On the recent quarterly conference call, Elon Musk indicated that Tesla will have clear roadmap to a Terawatt hour per year of battery production. If all of the Terawatt hour per year of batteries were used for electric cars (average of 70 KWh of batteries per car) then this would be 14.2 million electric cars per year. Tesla will produce semi-trucks and battery storage. A Terawatt hour of batteries per year would be about ten million electric cars each year, a large number of semi-trucks and batteries for stationary storage systems.
In April, Tesla revealed that battery production was at 23 GWh per year. Full production of the first phase of the Gigafactory was to have 35 GWh per year. When Tesla and Panasonic first announced plans for Gigafactory 1, they planned to increase production capacity at the Nevada Gigafactory up to 105 GWh of battery cell production and 150 GWh of battery pack production.

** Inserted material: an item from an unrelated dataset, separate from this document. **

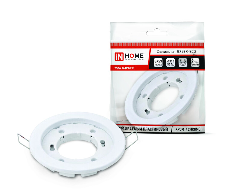 Светильник встраиваемый GX53R-ECO пластик под лампу GX53 230В белый IN HOME (кр.1шт)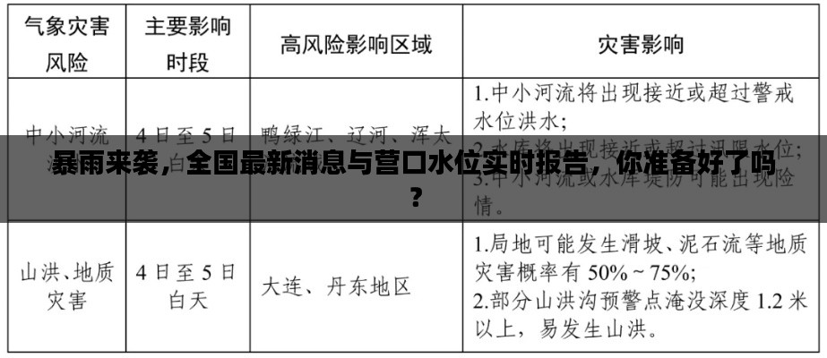 暴雨来袭,全国最新消息与营口水位实时报告,你准备好了吗?

A Terawatt Hour per year of batteries would mean 40 times current Tesla battery production and about 10 Gigafactories focused on batteries. However, fully converting to Maxwell dry batteries would increase production at the current factory.

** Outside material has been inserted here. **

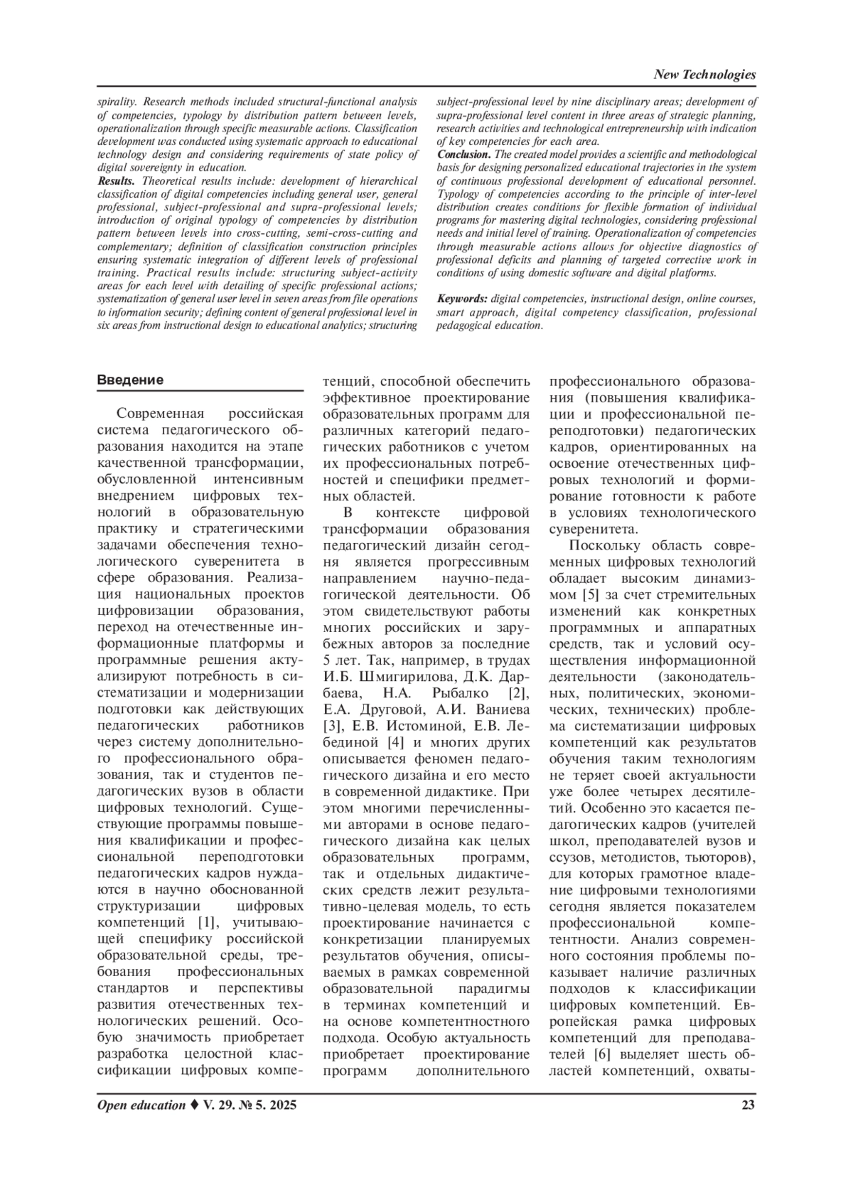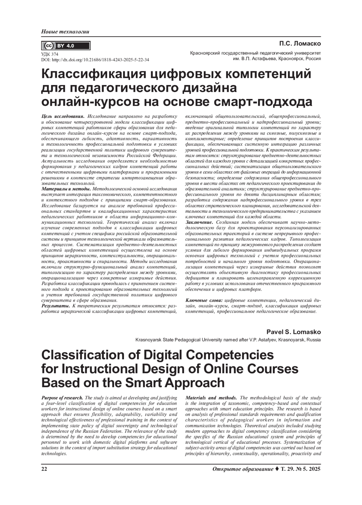 Цель исследования. Исследование направлено на разработку и обоснование четырехуровневой модели классификации цифровых компетенций работников сферы образования для педагогического дизайна онлайн-курсов на основе смарт-подхода, обеспечивающего гибкость, адаптивность, вариативность и технологичность профессиональной подготовки в условиях реализации государственной политики цифрового суверенитета и технологической независимости Российской Федерации. Актуальность исследования определяется необходимостью формирования у педагогических кадров компетенций работы с отечественными цифровыми платформами и программными решениями в контексте стратегии импортозамещения образовательных технологий.

Tesla now owns Maxwell’s Technology’s dry battery technology. This technology could double battery energy density for improved car range. The technology was claimed to increase factory production by 16 times. This would mean that three Gigafactories could produce a Terawatt hour of batteries per year.
In February or March, 2010, Tesla should have a Battery Day. They will talk about cell chemistry, module and pack architecture, and the manufacturing roadmap to a TWh per year. Tesla ‘Battery Day’ will be the third part of its Master Plan.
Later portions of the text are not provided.